# Sauvez mon Power Mac G4 de OSX 10.3.9



## Boodabam (14 Juillet 2017)

Salut à tous/toutes 

Tout d'abord merci à ceux qui ont pris la peine d'ouvrir ce topic car vous me serez probablement d'une grande aide.

Voilà tout: J'ai récemment fait l'acquisition d'un Power Mac G4 (plus près de la machine à vapeur que de l'ordinateur de bureau) doté de Mac OSX 10.3.9 ainsi que d'une version complète de Logic Pro 6.4.3 avec licence afin d'accompagner mon home studio.
Seulement, ce vieux coucou étant mon premier engin Apple, je n'arrive pas à mettre à jour quoi que ce soit, ni le système d'exploitation, ni aucun logiciel, sachant que la dernière mise à jour date de 2007. Un petit coup d’œil de mes mésaventures:

- J'ai bataillé pour le connecter à la réalité en passant par un ethernet sur mon PC (dont j'ai désactivé le pare-feu).

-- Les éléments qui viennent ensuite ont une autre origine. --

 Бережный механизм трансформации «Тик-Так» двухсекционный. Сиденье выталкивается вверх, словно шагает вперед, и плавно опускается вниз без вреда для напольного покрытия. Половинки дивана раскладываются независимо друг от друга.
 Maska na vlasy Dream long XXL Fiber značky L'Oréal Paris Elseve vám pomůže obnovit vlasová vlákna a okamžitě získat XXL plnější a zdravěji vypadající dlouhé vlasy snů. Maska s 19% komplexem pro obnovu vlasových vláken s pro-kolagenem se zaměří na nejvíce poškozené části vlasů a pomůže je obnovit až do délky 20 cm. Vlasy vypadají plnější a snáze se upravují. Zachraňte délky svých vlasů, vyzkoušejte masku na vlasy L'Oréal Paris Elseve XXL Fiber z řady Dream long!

La connexion est bonne
- J'ai essayé les recherches automatiques de mise à jour: rien
- J'ai donc essayé d'aller chercher des mises à jour directement sur le site d'Apple, seulement je me trouve confronté à un "Safari ne parvient pas à ouvrir la page https...[le site d'apple] car Safari n'a pas pu établir une connexion sécurisée au serveur "apple"". J'ai cependant accès à d'autres sites genre youtube.
- Je tcheck tout ce qui peut avoir un lien avec la sécurité réseau et ne trouve rien qui empêcherai l'ouverture de la page, j'essaie ce qu'ils conseillent sur la page d'aide apple, mais rien ne change.
- J'ajoute aussi que mon bolide étant doté d'un petit 1Go de RAM ça plante assez régulièrement.

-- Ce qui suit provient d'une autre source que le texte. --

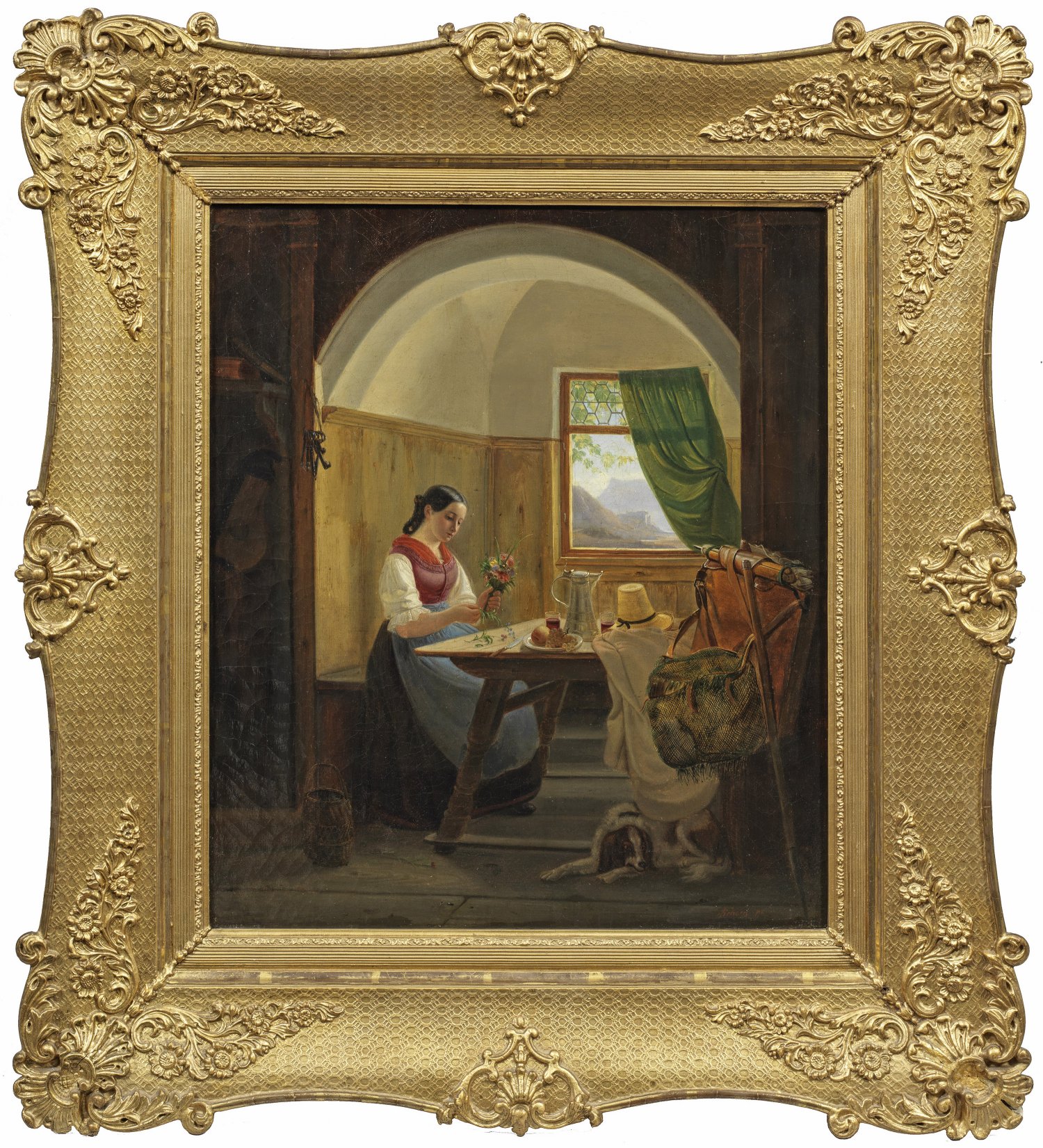 Fein lasierend ausgeführtes Genrebild, das aufgrund des idyllischen Motivs und des Stils dem frühen Oeuvre Schorns zuzuordnen ist. Der an der Münchener Akademie ausgebildete Maler wandte sich später orientalischen Motiven zu und ging Ende des 19. Jhs. nach Ahrenshoop, wo er sich der Künstlerkolonie um Paul Muller-Kaempff anschloss und die dortigen norddeutschen Landschaften zu seinem Hauptsujet wurden. Öl/Lwd.; R. u. sign.; 51 cm x 44 cm. Rahmen.

Voilà donc mon dilemme: Comment faire de ma machine un outil de travail praticable, ce en acquérant la version mise à jour la plus récente possible de Logic compatible avec mon matériel, et éventuellement de Mac OSX?
Si vous avez des petits conseils pour optimiser tout ça en passant ou des explication sur le fonctionnement de l'évolution des systèmes d'exploitation Apple je suis preneur. 

(Je précise qu'à la base je suis un PCiste donc je vous demande d'être cléments avec le jargon Apple)

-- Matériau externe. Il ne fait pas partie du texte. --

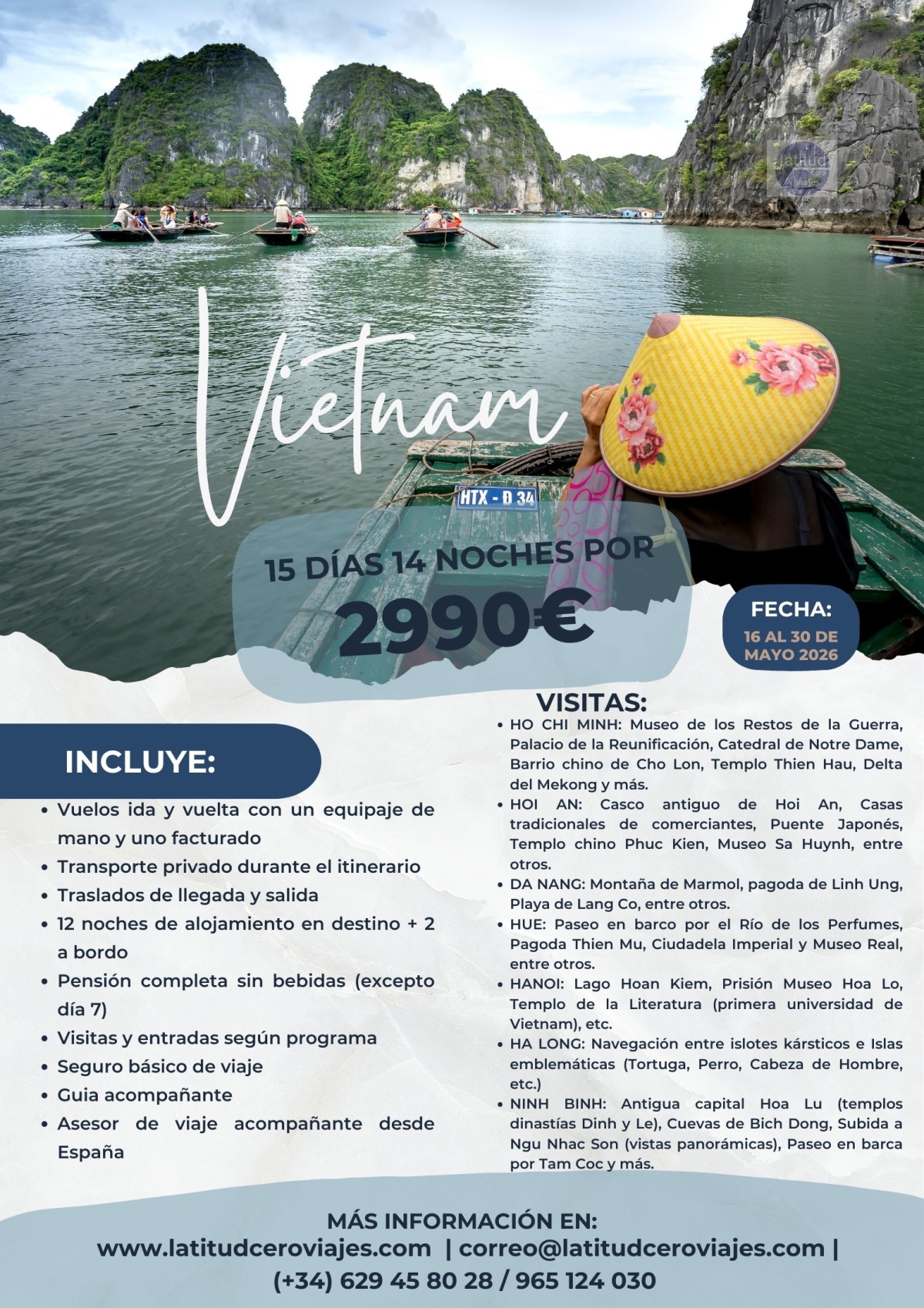 • Vuelos interno: Ho Chi Minh – Da Nang (zona sur – zona centro) y Hue – Hanoi (zona centro – zona norte)

Merci beaucoup beaucoup beaucoup beaucoup d'avance


----------



## Invité (14 Juillet 2017)

Le Système, ne peut pas se mettre à jour . Il y est !
La version 10.3.9 était la dernière de X3 (Panther ?) 

Tiger (10.4) et Leopard (10.5) étaient des MaJ payantes


----------



## Yuls (14 Juillet 2017)

Boodabam a dit:


> J'ai récemment fait l'acquisition d'un Power Mac G4



Bonsoir, quel est le modèle exact ? (Voir Menu Pomme / A propos de ce Mac) 
Il y a eu 11 modèles en tout et pour tout de PowerMac G4


----------



## gpbonneau (15 Juillet 2017)

Yuls a dit:


> Bonsoir, quel est le modèle exact ? (Voir Menu Pomme / A propos de ce Mac)
> Il y a eu 11 modèles en tout et pour tout de PowerMac G4



Exact, et avec un peu de chance si tu as un des derniers tu pourras aller jusqu'au 10.5, car au-dessus c'est impossible avec un processeur G4, c'est processeur Intel obligatoire.
La liste :
http://www.everymac.com/systems/apple/powermac_g4/index-powermac-g4.html
Pour chacun d'eux tu verras la version max de OSX que tu peux installer.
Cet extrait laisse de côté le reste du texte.